Jamie Dimon, chief executive of JPMorgan, whose board gave the green light to a $30bn buyback programme in December, said last month his bank was “buying back stock because our cup runneth over”.

Current spending on buybacks is still trailing behind last year’s levels, according to data by S&P Global.

As of last week, with more than 80 per cent of the S&P 500 having reported earnings, companies said they had, on aggregate, bought back $140bn in shares in the first quarter. That is more than in each of the previous three quarters, but less than the $199bn in last year’s first quarter.

Column chart of Year-over-year earnings growth (%) showing Earnings growth bounces back on both sides of the Atlantic, and rebound is forecast to continue

Companies in both the US and Europe have been reporting blowout first-quarter earnings over the past few weeks, sending analysts scrambling to revise their expectations upwards.

S&P 500 members are on course to report year-over-year earnings growth of about 50 per cent, while companies in Europe’s Stoxx 600 look set to have achieved a 90 per cent rebound when the last few results are in, according to Refinitv.

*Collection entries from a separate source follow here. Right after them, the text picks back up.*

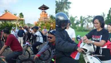 Semarak HUT RI Ke -80, Bakesbangpol dan KPU Badung Gelar Gowes dan Pembagian Bendera Merah Putih
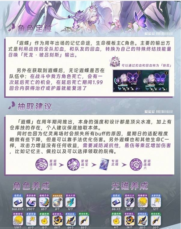 3、遐蝶是生命模板主C,靠全队扣血与队友回血攒终结技;建议保底抽取本体,养成需储备角色突破、光锥升级材料,提升实战能力。
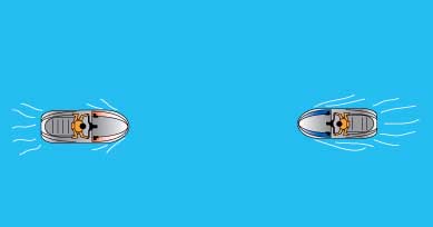 - Так, чтобы расстояние между ними было не менее трех длин корпуса большего судна
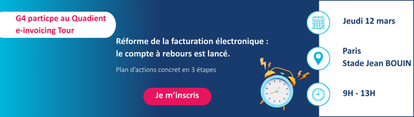 La réforme de la facturation électronique approche, ce qui impose aux directions financières d’anticiper leurs choix technologiques. Dans ce contexte, G4 s’associe à Quadient pour organiser une matinée exclusive du Quadient e-Invoicing Tour 2026, le 12 mars à Paris, au Stade Français Jean Bouin.
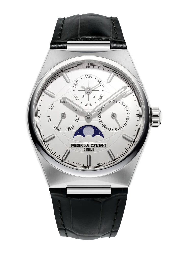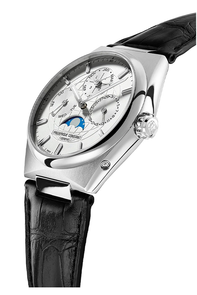 Prezentowany model FC-775S4NH6 posiada oryginalną, rozbudowaną tarczę w jasnym kolorze, która odzwierciedla, jak wielką wagę szwajcarski producent przykłada do kwestii projektowania. Od początku istnienia marki sekcja ta znaczyła bardzo wiele, gdyż, to ona w dużej mierze odzwierciedla przekaz twórców, określa indywidualny charakter oraz nadaje niepowtarzalnej wartości pojedynczemu produktowi. Projekt generalny jest zatem kluczowy, ale i detale nie pozostają bez znaczenia. One stanowią duszę zegarka, kreślą jej kształt, siłę przekazu oraz powołanie. Cyferblat modelu Frederique Constant FC-775S4NH6 Highlife Perpetual Calendar Manufacture w istocie zawiera ważną wiadomość. Trzy subtarcze, będące wskaźnikami dnia miesiąca, jego nazwy oraz dnia tygodnia, wycięte miejsce z funkcją faz księżyca oraz intrygujące tło o postaci siatki globu osadzonej na jasnej sferze... Wszystkie komponenty łączą się w jedność i ilustrują niezwykły sens oraz rolę, jaką odgrywa czas na Ziemi, a także poza nią. Co więcej, czasomierz wyposażono w funkcję wiecznego kalendarza, która od teraz sprawi, że użytkownik może zapomnieć o konieczności regulacji daty w przypadku ilości dni miesiąca z rozróżnieniem 30 i 31 dni oraz lat przestępnych.

Strategists are predicting the pace of buybacks will increase more quickly than that of dividends.

“When you increase the dividend it’s painful for the company to cut it,” said Roland Kaloyan, head of European equity strategy at Société Générale. “When you have extra cash it’s easier to buy back some shares. If you have bad news or a new crisis you can always [pause] your buyback programme.”